The test is called Multi-Cancer Early Detection, or MCED. It works by scanning blood for signals of up to 50 different cancers in their earliest stages, before symptoms appear. That's roughly ten times the number of cancers currently detectable through standard screening. Erika Brown, founder and CEO of One Cancer Place, describes it as a potential watershed moment. The test, she explains, could fundamentally reshape how doctors approach cancer diagnosis and prevention. Right now, screening is fragmented and incomplete. Seventy percent of cancer deaths come from malignancies with no screening option at all—a fact that underscores how much room exists for improvement.

The scope of what MCED could cover is striking. There are more than 120 types of cancer in total. Having a single blood test capable of detecting signals from 50 of them at an early, asymptomatic stage represents a significant expansion of what's possible. Brown emphasizes that this breadth matters enormously for public health. The test has been in development for several years, and early studies have shown promising results. But promise alone doesn't get a medical test into clinics.

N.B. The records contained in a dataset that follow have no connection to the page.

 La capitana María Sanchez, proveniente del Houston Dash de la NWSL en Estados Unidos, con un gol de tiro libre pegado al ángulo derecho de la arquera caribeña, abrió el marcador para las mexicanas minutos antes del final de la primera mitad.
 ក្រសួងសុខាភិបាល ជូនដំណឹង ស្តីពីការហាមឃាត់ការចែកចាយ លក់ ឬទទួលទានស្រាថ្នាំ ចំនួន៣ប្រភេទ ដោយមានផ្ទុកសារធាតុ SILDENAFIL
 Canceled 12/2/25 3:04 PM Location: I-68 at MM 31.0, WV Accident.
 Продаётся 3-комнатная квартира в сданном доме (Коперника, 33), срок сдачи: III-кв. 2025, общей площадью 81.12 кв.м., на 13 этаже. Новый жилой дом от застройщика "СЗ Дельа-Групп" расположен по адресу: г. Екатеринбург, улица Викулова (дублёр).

The path forward requires two major approvals. Congress moved first. In February, Senators Michael Bennet and his co-sponsors passed the Nancy Gardner Sewell Medicare MCED Screening Coverage Act, legislation that would allow Medicare and Medicaid to cover the test once it's approved. That's a crucial step—it signals that policymakers see value in the technology and are willing to fund it for the elderly and low-income populations most vulnerable to cancer. But the Food and Drug Administration must sign off before any of that coverage takes effect. Brown expects FDA approval by the end of the year, though the regulatory process can be unpredictable.

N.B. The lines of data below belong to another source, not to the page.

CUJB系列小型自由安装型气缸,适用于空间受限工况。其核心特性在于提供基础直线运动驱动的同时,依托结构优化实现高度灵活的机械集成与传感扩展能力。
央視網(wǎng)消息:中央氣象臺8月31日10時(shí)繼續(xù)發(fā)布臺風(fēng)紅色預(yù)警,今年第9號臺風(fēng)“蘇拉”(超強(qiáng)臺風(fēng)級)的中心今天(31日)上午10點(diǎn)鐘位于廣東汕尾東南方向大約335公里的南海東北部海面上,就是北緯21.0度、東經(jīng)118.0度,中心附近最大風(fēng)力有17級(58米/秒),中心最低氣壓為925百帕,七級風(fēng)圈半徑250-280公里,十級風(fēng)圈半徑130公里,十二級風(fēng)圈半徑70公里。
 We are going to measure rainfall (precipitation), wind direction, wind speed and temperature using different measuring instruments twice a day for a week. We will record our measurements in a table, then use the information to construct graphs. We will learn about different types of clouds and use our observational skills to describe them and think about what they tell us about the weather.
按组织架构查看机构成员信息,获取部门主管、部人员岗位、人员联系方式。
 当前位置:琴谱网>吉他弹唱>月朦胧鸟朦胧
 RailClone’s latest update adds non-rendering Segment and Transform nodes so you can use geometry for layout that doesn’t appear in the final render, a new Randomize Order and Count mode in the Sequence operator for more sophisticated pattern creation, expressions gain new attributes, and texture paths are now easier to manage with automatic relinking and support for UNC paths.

Brown's confidence in the test carries personal weight. She is a colon cancer survivor, diagnosed 24 years ago. That history shapes her perspective on what early detection means—not just statistics, but lives extended, families spared the worst outcomes. If MCED reaches patients, it will represent a fundamental shift in cancer medicine: from waiting for symptoms to appear and then racing to treat them, to finding disease before it announces itself. The test won't be a cure, but it could be something almost as valuable—a chance to catch cancer when it's still whispering instead of shouting.

This blood-based test will radically change the whole diagnostic and screening process for cancers
— Erika Brown, Founder and CEO of One Cancer Place
To have the range of at least 50 cancers being covered at this early, non-symptomatic stage is huge
— Erika Brown
The Hearth Conversation Another angle on the story
Inventor

Why does it matter that this test can detect 50 cancers instead of the current handful?

Model

Because right now, most cancers have no screening at all. If you get one of those 70 percent of cancers without a screening test, you don't know you have it until you're sick. By then, it's often too late.

Inventor

So this is really about the ones we're missing?

Model

Exactly. We've gotten good at screening for a few—colon, breast, cervical. But there are 120 types of cancer. This test is a way to cast a much wider net with a single blood draw.

Inventor

What's the holdup? Why isn't this already available?

Model

It needs FDA approval first. Congress already said they'll pay for it through Medicare and Medicaid, but the FDA has to be convinced it works and is safe before it can be used clinically.

Inventor

When does that happen?

Model

The expectation is by the end of this year, but regulatory timelines can shift. It's not a given.

Inventor

If it gets approved, what changes?

Model

Everything, potentially. Instead of waiting for symptoms or following standard screening protocols, doctors could offer one blood test that screens for dozens of cancers at once. It changes the whole conversation about prevention.

Inventor

And if it doesn't work as well as hoped?

Model

Then we're back where we started—with most cancers undetectable until they're symptomatic. That's why the studies matter so much.